Problem description
Output the lines from the one holding "Revision clouds fest." to the end of the entries that follow, exactly and only those, minus any pictures.

Materials provided
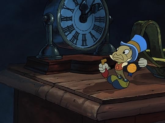 He does fall asleep and we get a nice POV shot of something bouncing into the room and landing on Scrooge's nightstand. It's Jiminy Cricket, who raps his umbrella on the bells of Scooge's clock. That's all the chiming we'll get, but this Marley never made any predictions about what time the spirits would show up. In fact, Scrooge's clock says that it's not quite ten minutes after midnight. So no waiting around 'til one this time.
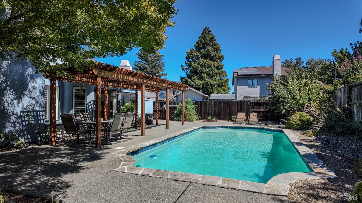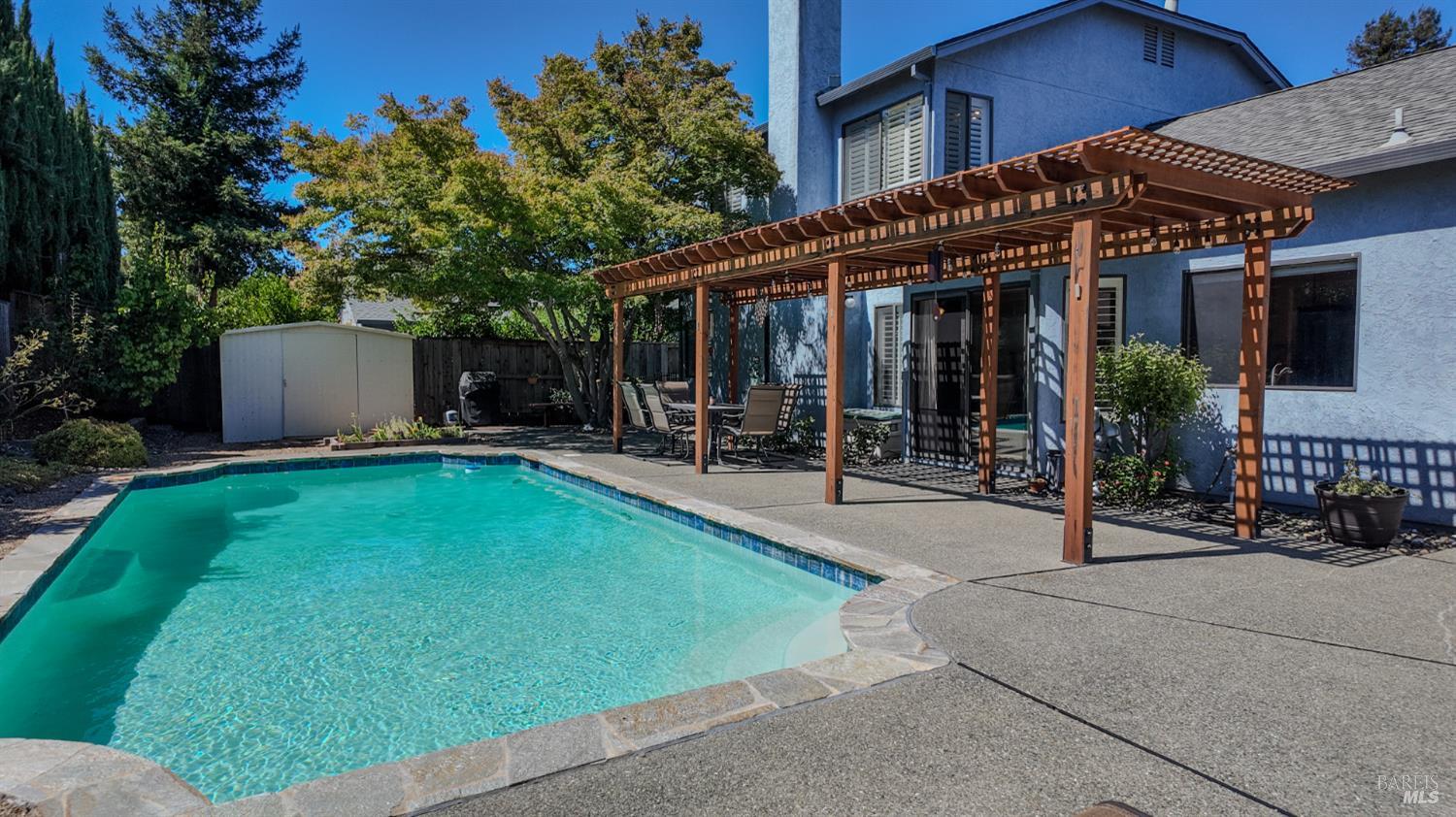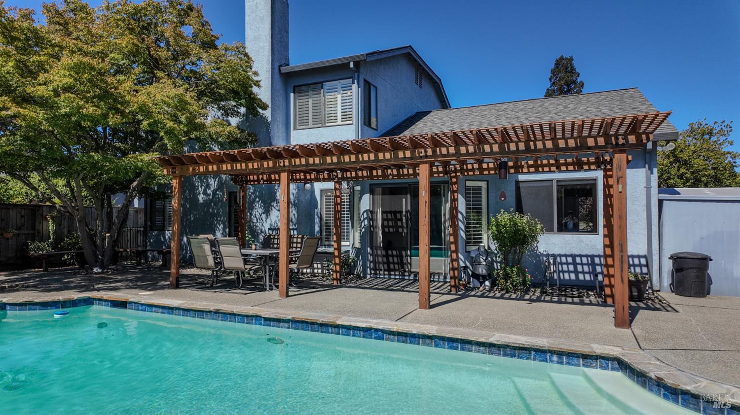This house will definitely make you stop! Darling 4 bedroom and 3 full bathroom house with 2 fireplaces and gorgeous backyard featuring a swimming pool, a pergola, seating and gardening areas. This house has carefully been cared for and you will see it in the details. Loan may be assumable.
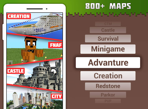 Parkour지도 | Redstone지도 | 롤러 코스터 맵 | 도시지도 | 퍼즐 맵 | 럭키 블록 레이스 | MCPE의 도시지도 | PVP지도 | 생존지도 | 지도 숨기기 및 찾기 | 건축 맵 | 저택지도 | 창조 맵 | 성
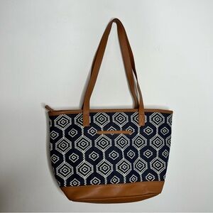 Thirty-One Little Dreamer Dotty Hexagon Brown Blue Geometric Print Tote Bag
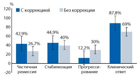 Независимо от возраста у больных мКРР на фоне на фоне 1-й линии системной терапии на основе схемы FOLFOX-6 коррекция гериатрического статуса достоверно улучшает показатели ОО (р<0,01) и клинически значимого ответа (р<0,05); рис. 1.
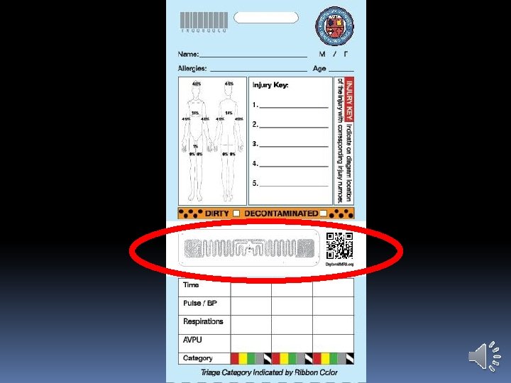 DAYTON MMRS TRIAGE MATERIALS Three versions of Triage Tags: “Live” tags: �Expensive �White �Synthetic paper �Bar codes, numbers, & RFID tags �Hospitals can use the bar code or the RFID tags but the viewable tag number matches the bar code, not the RFID
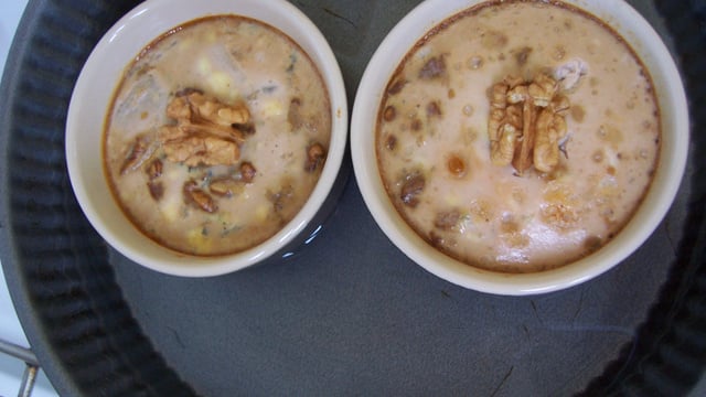 Ajoutez les cerneaux de noix concassés - prendre soin d'en garder 4 beaux pour la décoration - au lait chaud et versez ensuite ce mélange sur les oeufs battus.
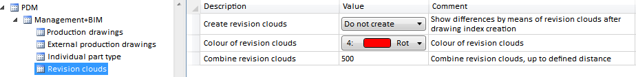 . The settings for revision clouds can be specified in the Configuration Editor at PDM > Management + BIM > Revision clouds fest.
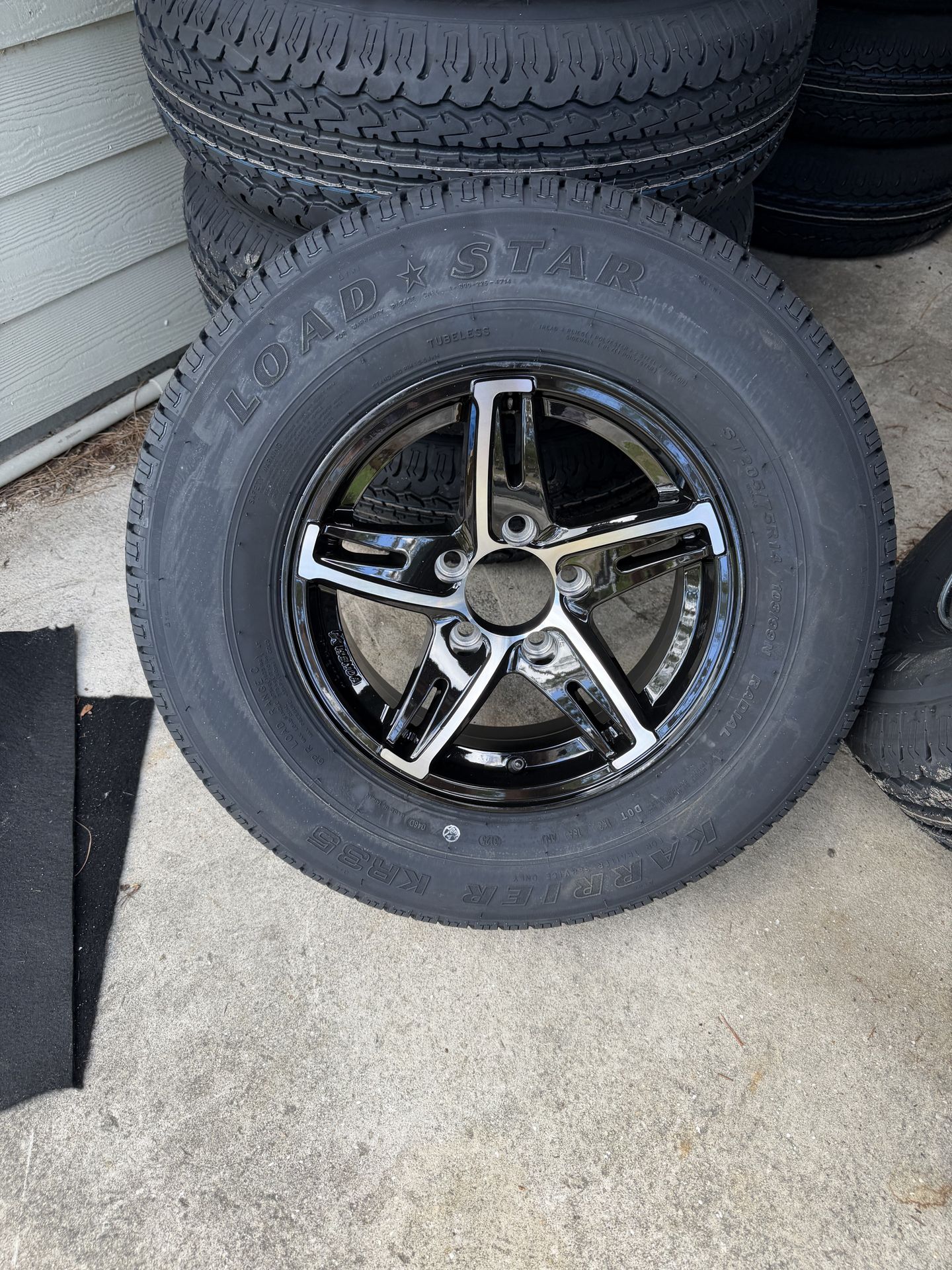 New 205-75-14inch trailer tires with black aluminum wheels. In stock.
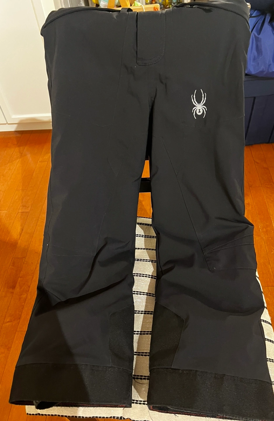 Black ski bibs with adjustable straps. Features zippered pockets on the front and back and grow leg technology to extend the length of the legs 2 inches. Pick up only.

Final answer
 . The settings for revision clouds can be specified in the Configuration Editor at PDM > Management + BIM > Revision clouds fest.
 New 205-75-14inch trailer tires with black aluminum wheels. In stock.
 Black ski bibs with adjustable straps. Features zippered pockets on the front and back and grow leg technology to extend the length of the legs 2 inches. Pick up only.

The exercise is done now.